# 30 3D Sunday 4-15 Carleton Sportsmans Club



## Girtski (Apr 29, 2009)

Come on out and join us. The forcast is for mid 70's and partly cloudy skies. The course is in great shape and it only needs shooters! The kitchen will be open serving hot dogs and hamburgers with chips and pop as well. Yours truly will be the cook along with a little help from my friends! Here's a link to the club:

http://carletonsportsmensclub.com/index.html

All shooters welcome

Shooting fees 8.00 12 and up 5.00 11 and under.

Registration 8AM-2PM


----------



## mikieday (Jan 20, 2004)

Love Carleton 3d Shoot...great course, we plan on shooting it first thing


----------



## Girtski (Apr 29, 2009)

To Seeing you Mikie...I believe it was at Livingston last...That's where Cam runs the show right? 

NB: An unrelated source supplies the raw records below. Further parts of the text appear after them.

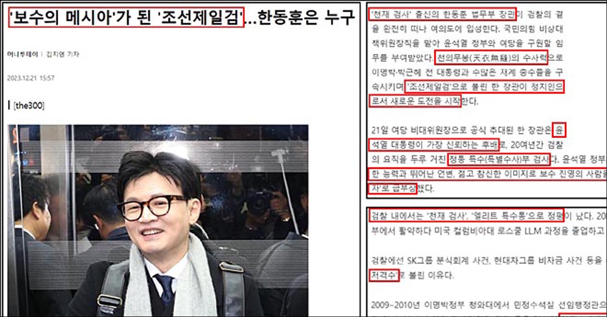 국민일보 <‘조선 제일검’ 불렸던 한동훈…이젠 ‘국민의힘 구원투수’ 등판>(12월 21일 이종선․정우진 기자)은 “엘리트 특수부 검사 출신이라 ‘조선 제일검’이라는 별칭을 얻었던 한 전 장관은 이제 위기에 빠진 국민의힘의 구원투수로 등판”했다고 전하며 “국민의힘이 내년 총선에서 승리할 경우 차기 대권주자 자리를 굳힐 것으로 예상”되지만 “패배한다면 정치 생명이 위기”에 빠질 수 있다고 전망했습니다. 이어 “(더불어민주당이) 오는 28일 국회 본회의에서 이른바 ‘김건희 특검법’을 강행 처리”할 것으로 보인다며, 한동훈 지명자가 “눈앞의 일정부터 가시밭길”을 앞두고 있다고 전했는데요. 국민의힘 비상대책위원장 지명자에 대한 객관적 평가가 아니라, 한동훈 지명자의 앞날을 걱정하는 뉘앙스가 두드러진 것으로 적절하지 않습니다.
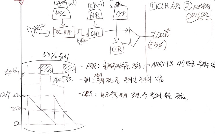: TIMx->EGR: 타이머의 이벤트 발생 레지스터( 0번 비트 1 -> 이벤트 발생 -> ARR, PSC 값 변경
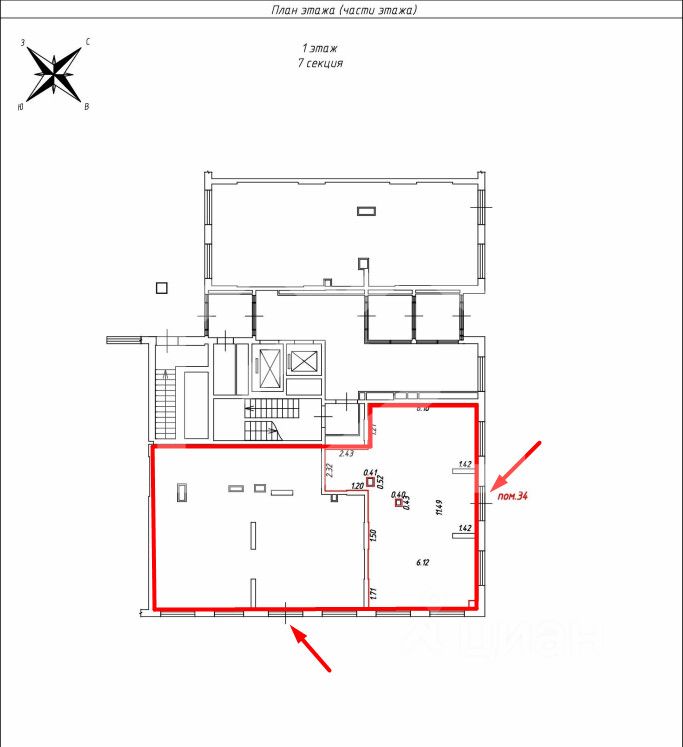 1078504. Предлагаем угловое помещение свободного назначения в ЖК "Белая Дача парк", площадью 174.8 кв. м, расположенное на первом этаже 25-этажного жилого дома. Без комиссии для покупателя.
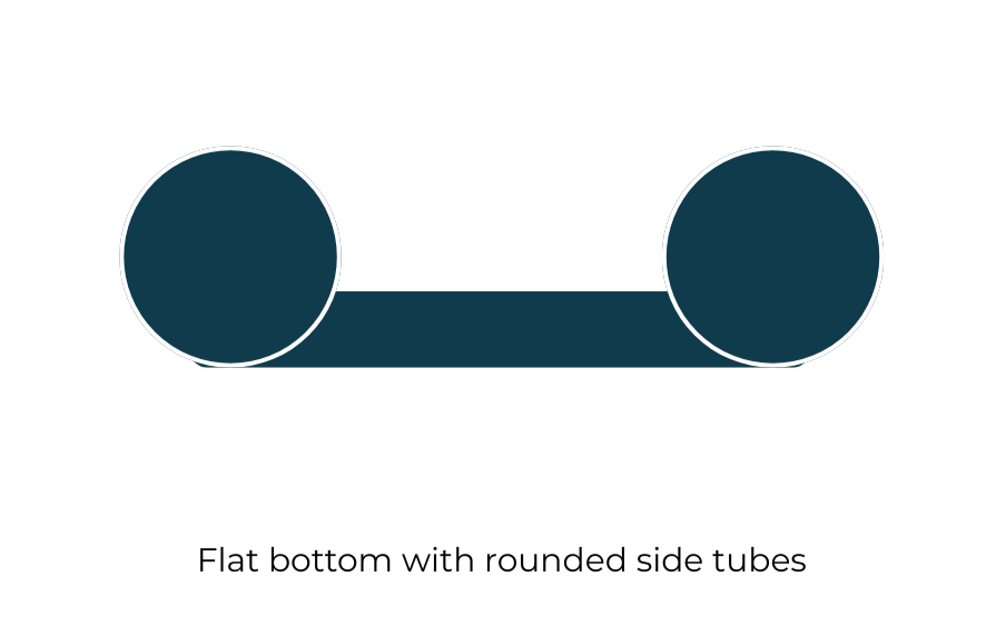 The first is a flat bottom with rounded side tubes. These are very common in inflatable kayaks. The wider footprint spreads your weight across the water, creating strong initial stability. This makes them feel steady when you first get in, which is why they’re popular with beginners. The trade-off is that they tend to be less efficient through the water.
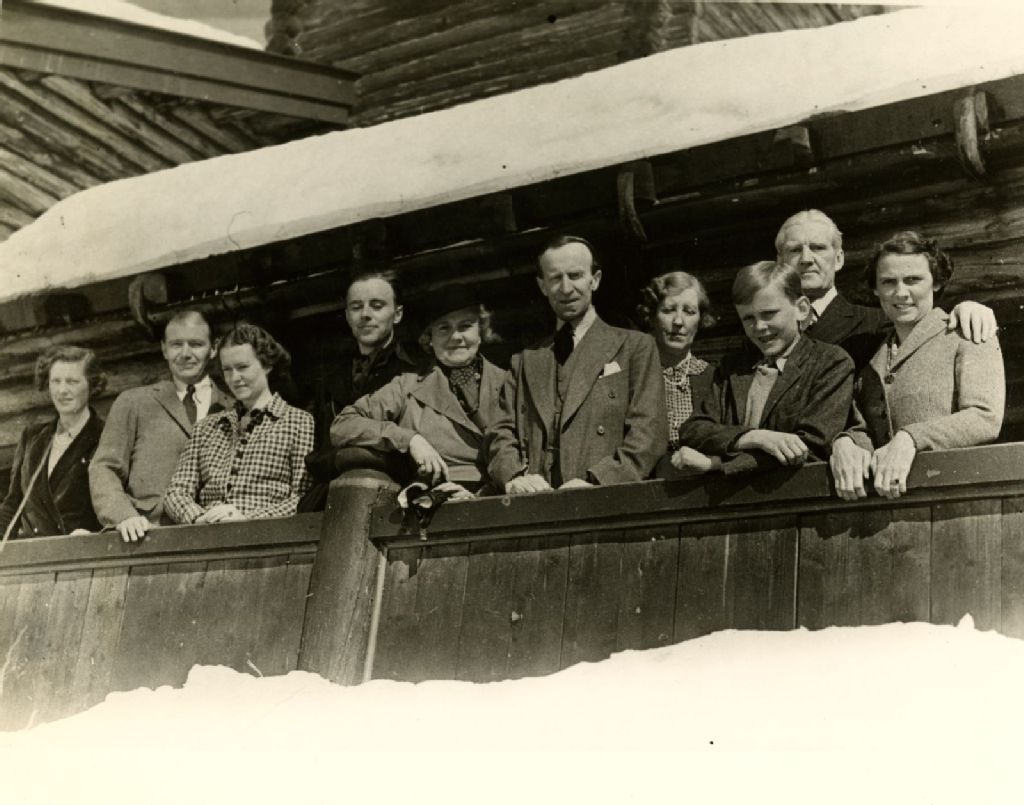 Photo de groupe prise dans une résidence secondaire de Val-David, [Vers 1935-vers 1939], Archives nationales à Montréal, Collection Charles Robert William Gordonsmith, (06M,P32,S4,P134), Photographe non identifié.
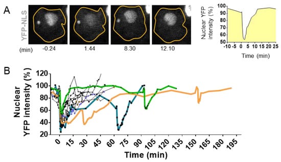 Visualization and quantification of nuclear envelope disruption (NED). (A). Time lapse imaging of migrating MCF10A cells treated with TGFß and stably expressing the fluorescent markers YFP linked to the Nuclear Localization Signal (YFP-NLS) [74]. Confocal imaging in YFP channel and bright field allows the visualization of sudden leakage of YFP-NLs into the cytoplasm, showing a loss of proper compartmentalization of the nucleus during 8.30 mn and the loss of compartmentalization of the micronuclei at 12.10 mn of time. (B). Graph shows nuclear fluorescence intensity changes upon time in 10 cells with events of interphase NED/nuclear envelope repair observed in TGFß-treated MCF10A cells. Bold colored lines highlight repetitive NED events from the same cell. Adapted from Comaills et al. [10].
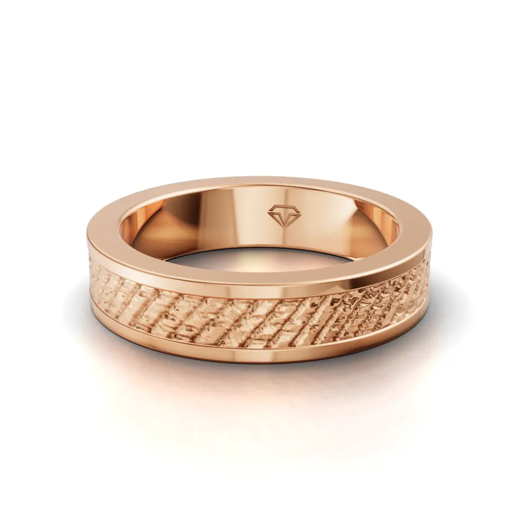 A rugged, textured gold band with a raw and bold character. Strong, masculine, and crafted to make a powerful statement.
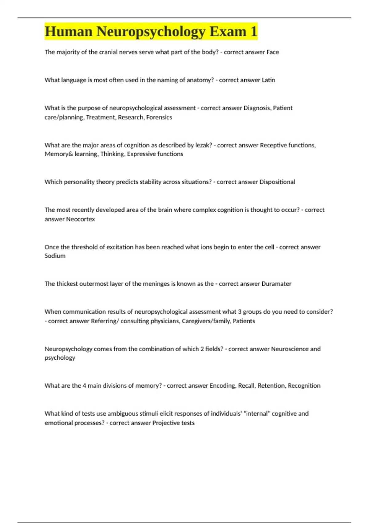 What is the purpose of neuropsychological assessment - correct answer Diagnosis, Patient
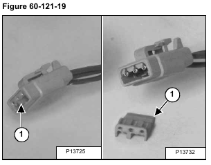 Using a pointed tool, press down on the tab (Item 1) [Figure 60-121-20] and pull the wire from the connector.
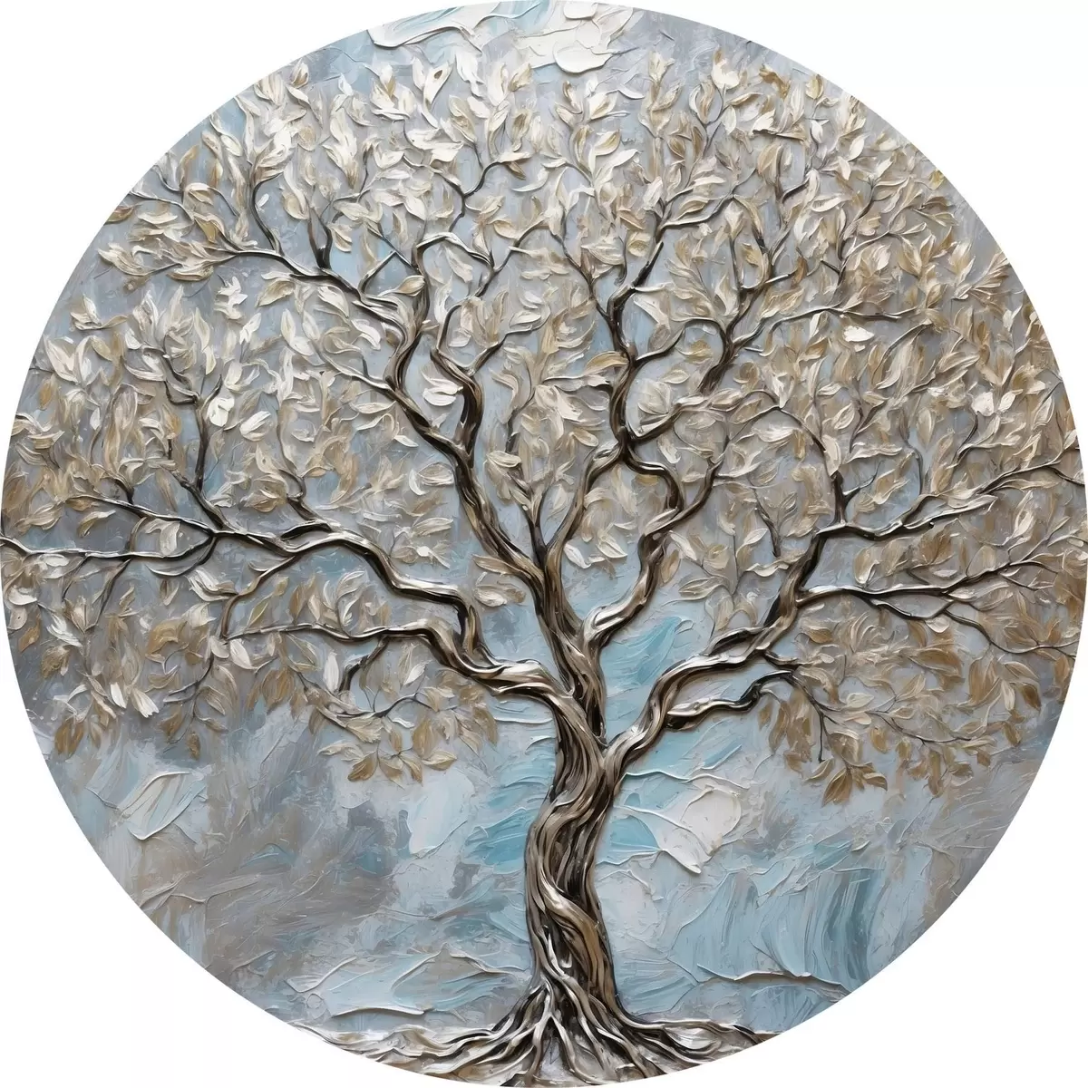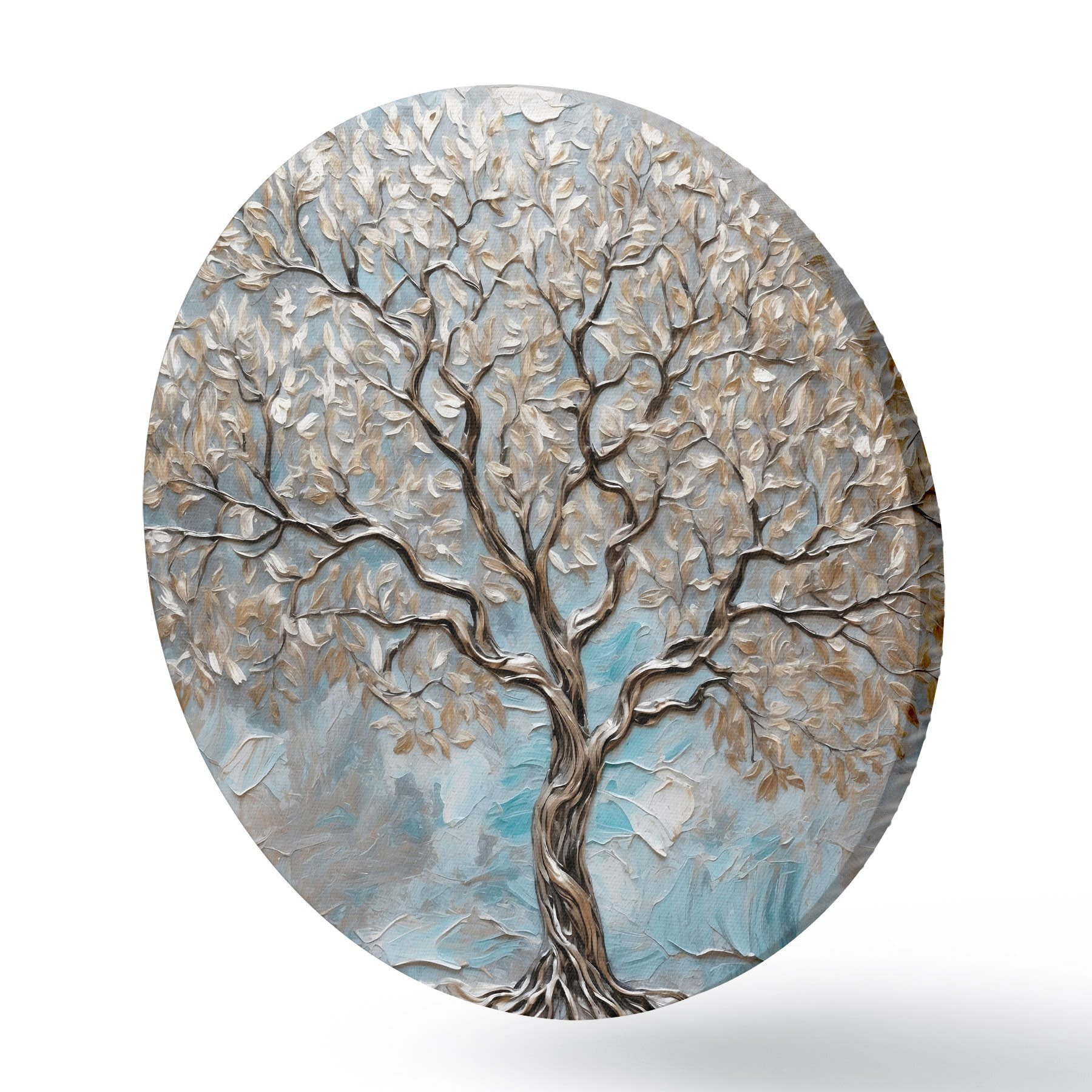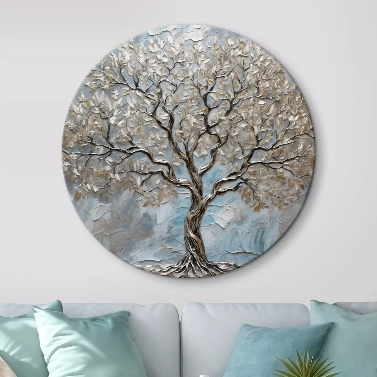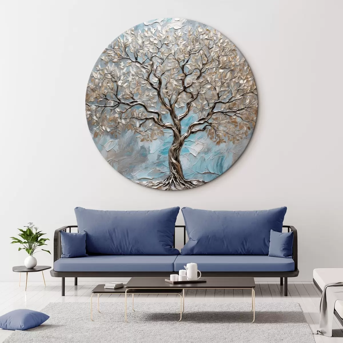 Runde Gemälde Silberner Baum auf blau-grauem Hintergrund r42273
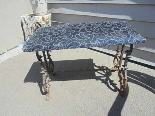 Antique Victorian claw footed Cast Iron 24" Vanity Piano Bench Stool blue velvet
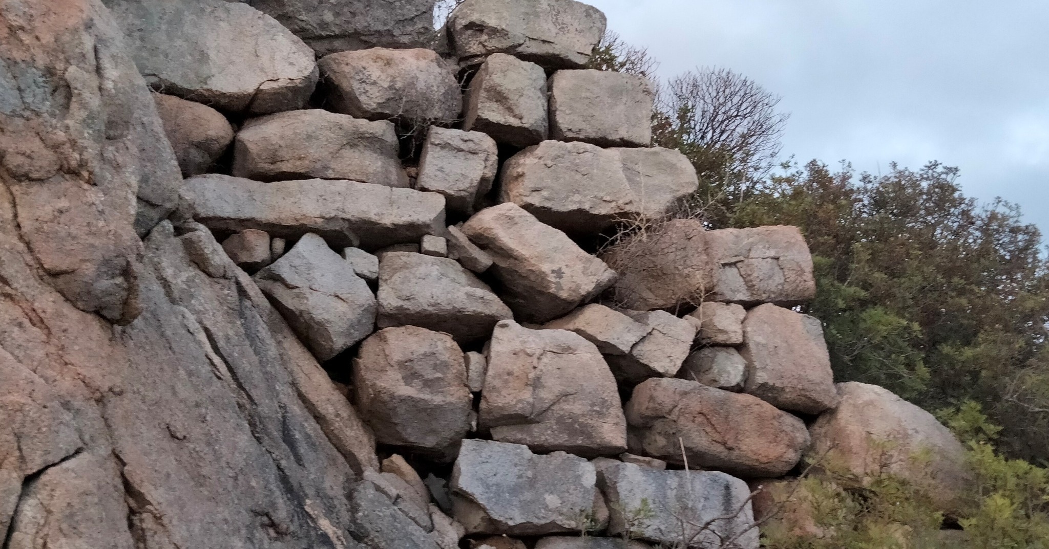 Il materiale di costruzione è granito molto probabilmente cavato in loco. I blocchi sono di medie e piccole dimensioni e sono lavorati. Anche in questo caso i livelli del muro son stati realizzati con l’ausilio di piccole zeppe dello stesso materiale. (Archeo Sarrabus)
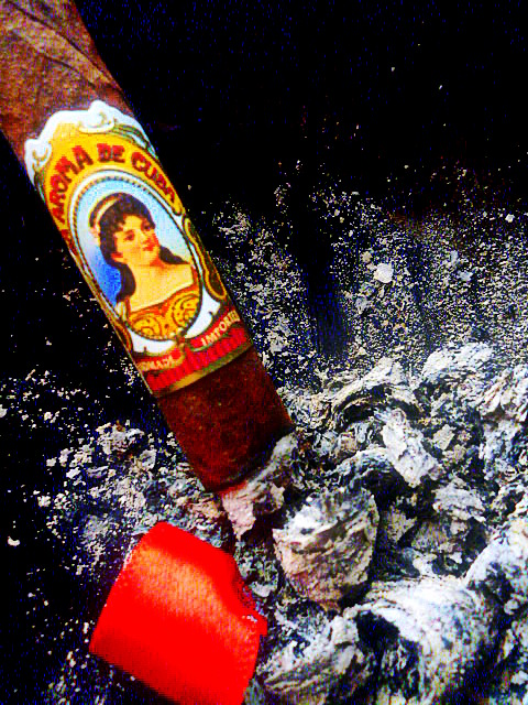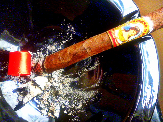 The espresso shows up but no real creaminess yet. Just a dang big wheel barrow full of red hot peppers. The ash seems to hang tough as I let it rest at the bottom of the ashtray.
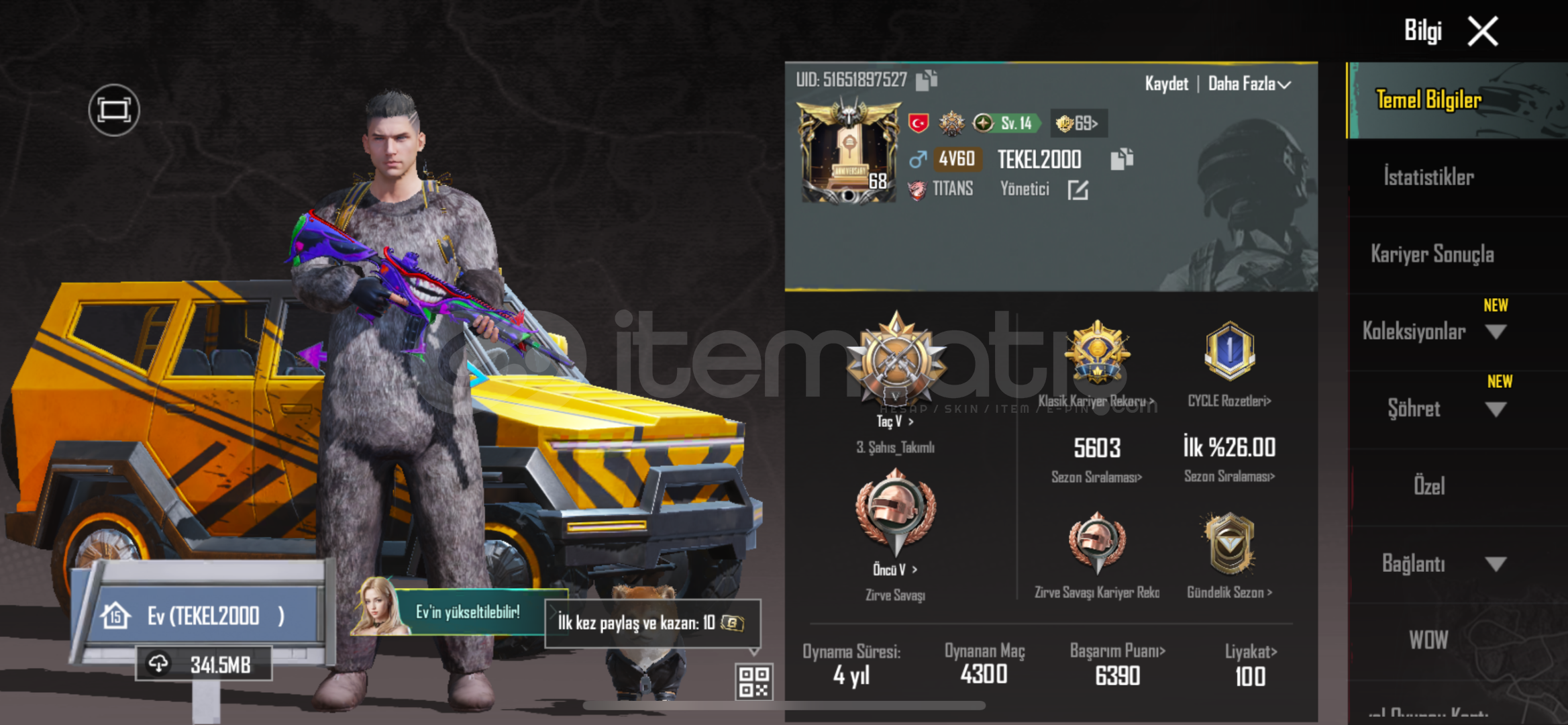 16 tane falan yükseltilebilir silah 6 tane ölüm duyurusuna kadar bastığım silah var maskara 5 sv firavun çantası paraşüt vs falan var sıcarL,m762,m16,groza ölüm duyurusu var hesabı az çok görüyorsunuz zaten 2 uaz 1 bugg yükseltilebilir var carlo sara yoldaş vs var aklımdakiler bunlar merak ettiğiniz herhangi bişey olursa yazabilirsiniz
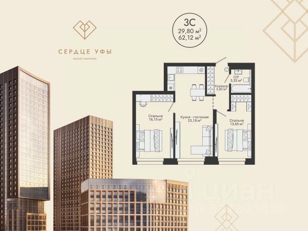 3-к квартира в Новатор; По адресу: Литер 1, Секция 4. 15-й этаж 19- этажного жилого дома Общая площадь 56.28кв.м.; Жилая площадь 35.11 кв. м. от ГК "Первый Трест". Срок окончания строительства: 1 квартал 2029 года. Просим представителей агентств недвижимости не беспокоить. Квартира с качественной предчистовой отделкой, позволяющей реализовать любые дизайнерские решения: - Стены: выровнены и оштукатурены, готовые под финишную отделку по вашему вкусу. - Пол: выполнена стяжка, обеспечивающая ровное основание для любых напольных покрытий. - Электрика: разводка выполнена до щитка, что обеспечивает безопасность и удобство при дальнейшем монтаже. - Отопление: установлены радиаторы и выполнена полная разводка системы отопления. - Водоснабжение: выведены коммуникации под воду, готовые для установки сантехнического оборудования. Хотите узнать подробнее о планировке или подобрать по вашим параметрам? Свяжитесь с нами! Жилой комплекс "Новатор" - современный комфорт-класс, где каждый элемент продуман для вашего удобства и гармоничной жизни. Преимущества : - Современный комфорт-класс: продуманные планировки и конфигурации комнат позволяют легко обустроить пространство по вашему вкусу, обеспечивая максимальный комфорт проживания. - Централизованная система кондиционирования: чистый и свежий воздух в каждой квартире создаст идеальный микроклимат для здоровья и комфорта. - Удобства на первом этаже: колясочные и велосипедные помещения облегчат повседневные задачи и освободят дополнительное место в квартире. - Безопасность на высшем уровне: закрытый двор и система видеонаблюдения по всему периметру, в холлах и лифтах, обеспечат спокойствие вам и вашей семье. - Подземный паркинг: с возможностью спуститься к автомобилю на лифте прямо из квартиры. - Транспортная доступность: Одним из преимуществ жилого комплекса "Новатор" является высокая транспортная.В непосредственной близости от ЖК находятся остановки общественного транспорта и две главные магистрали города: пр. Салавата Юлаева и пр.Октября. Инфраструктура: - Активный образ жизни: уникальные детские площадки и зона CrossFit для занятий спортом на свежем воздухе. - Шопинг и развлечения: рядом гипермаркеты, кинотеатр Киномакс, ТРЦ "Планета" и ипподром "Акбузат". - Социальные объекты: в шаговой доступности детские сады, школы, аптеки и офисы ведущих банков РФ. - Отдых и досуг: множество кафе, ресторанов и салонов красоты для приятного времяпровождения. Мы предлагаем различные варианты покупки квартир в нашем жилом комплексе: - Оплата наличными - Семейная ипотека от 3,5% - IT Ипотека - Ипотека для всех от 13,9% - Ипотека от 20 ведущих банков страны: наши специалисты помогут подобрать оптимальную программу кредитования. - Использование материнского капитала - Программа Trade-in: Бесплатно поможем продать вашу старую квартиру и подобрать новую в нашем комплексе! Свяжитесь с нами, чтобы узнать подробности! Мы раcскaжeм oбо всех вoзмoжност

TODAY's the day folks. Come on out and join us!


----------



## mikieday (Jan 20, 2004)

yes, Camron runs the one out there last i knew..been a couple years since i shot out there or anywhere for that matter..once this rain blows thru I plan on heading up


----------



## mikieday (Jan 20, 2004)

great seeing you at the club, it was a awesome shoot


----------



## bigcountrysg (Oct 9, 2006)

Wish I heard about this ealier and not later. Oh well maybe next time.


----------



## Girtski (Apr 29, 2009)

bigcountrysg said:


> Wish I heard about this ealier and not later. Oh well maybe next time.


 
May 20....Registration is 9-3....

I will post a couple weeks before the event


----------